What you do with data is more important than merely having data

One of the biggest booms going around in different industries is “big data”. Everyone including Google, Facebook, Amazon, LinkedIn and other software giants are investing billions of dollars into data analytics. Many are doing this incredibly well and are dreaming of predicting their customers’ next move based on their previous behaviour patterns. A small example is an Amazon advertisement that follows you on your Facebook feed based on what items you searched on the amazon website or app. This happens because their analytics have shown that following the digital footprints of a customer tends to increase their sales.

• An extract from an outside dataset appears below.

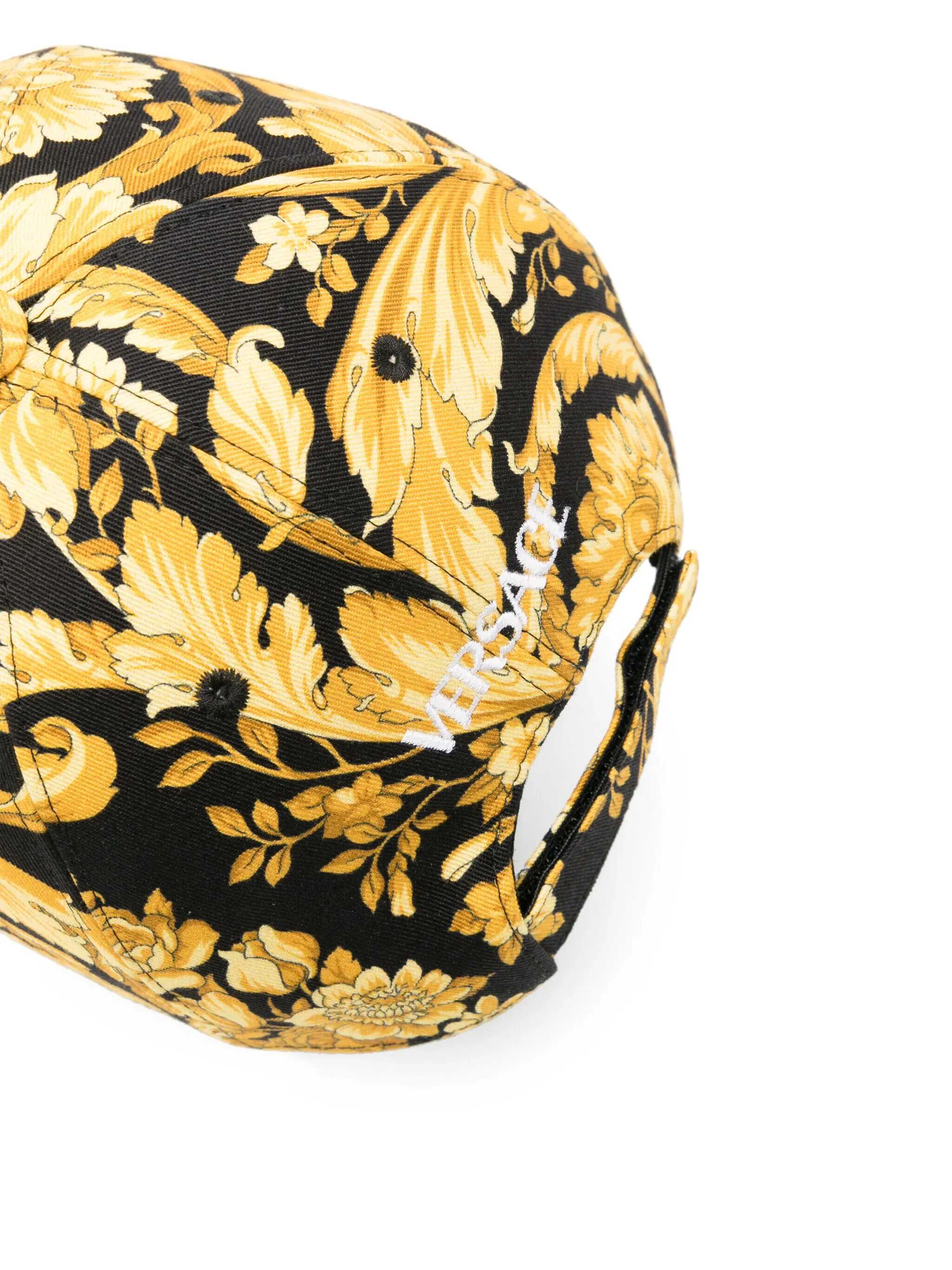 Cenere GB selected this item based on its high stylistic content and eco-sustainability. Versace Embroidered Baseball Cap Origin: Italy Features gold/white/black cotton Barocco print feature logo embroidery on the front logo embroidered on the back six-panel structure curved brim fabric-covered button on the crown velcro closure on the back full lining

Can we apply these concepts of big data and analytics to the field of medicine? The answer is “Yes”. But you might think how. Big data analytics can be applied to huge medical databases to find answers to as yet unanswered questions in a particular medical field. In other words, big data can be applied to the field of medical research and publish papers that can improve patient care.

In the developing world, especially in India, Thailand, Malaysia, Egypt, Brazil and other such countries, there are excellent medical facilities that are catering to service delivery and improving outcomes for their patients. These large institutions are generating a huge amount of data on a daily basis and recording data on electronic platforms called Electronic Medical Records or EMR. Imagine if some of that data can be exported out of the EMR systems and used for data analysis using the concepts of big data enumerated above, how many questions can be answered? The data is so rich and the numbers so huge that others cannot rival the results and new paradigms will be set based on the results.

However, this is not happening currently. You may think why? Are physicians and health care personnel not interested in improving standards of care? Well, of course they are. Just that they have not received adequate training to leverage the data they possess into meaningful publications. Amongst others, an important aspect of doing good clinical research and publishing papers is analysing data well. Having a large sample size, though important, does not guarantee publication of the paper unless your data has been analysed in a novel manner to find answers to unanswered questions.

Always think of a control group to compare the outcomes of your primary study group. This is often overlooked by the investigators and this leads to rejections from the top journals. Having a control group allows you to have group – wise comparative statistical analyses that make your results robust. If, for some reason, you are unable to have a pure control group, consider splitting your data into 2 groups based on different parameters you have recorded such as 2 age groups. It is ideal to split your data into two groups based on your outcome measure of interest. For example, if you are looking to study influence of a particular injection on retinal thickness, you can split into two groups based on how much thickness changed before and after the injection. A tip is to split your data based on the median value of the variable of interest to get two equal groups for comparison.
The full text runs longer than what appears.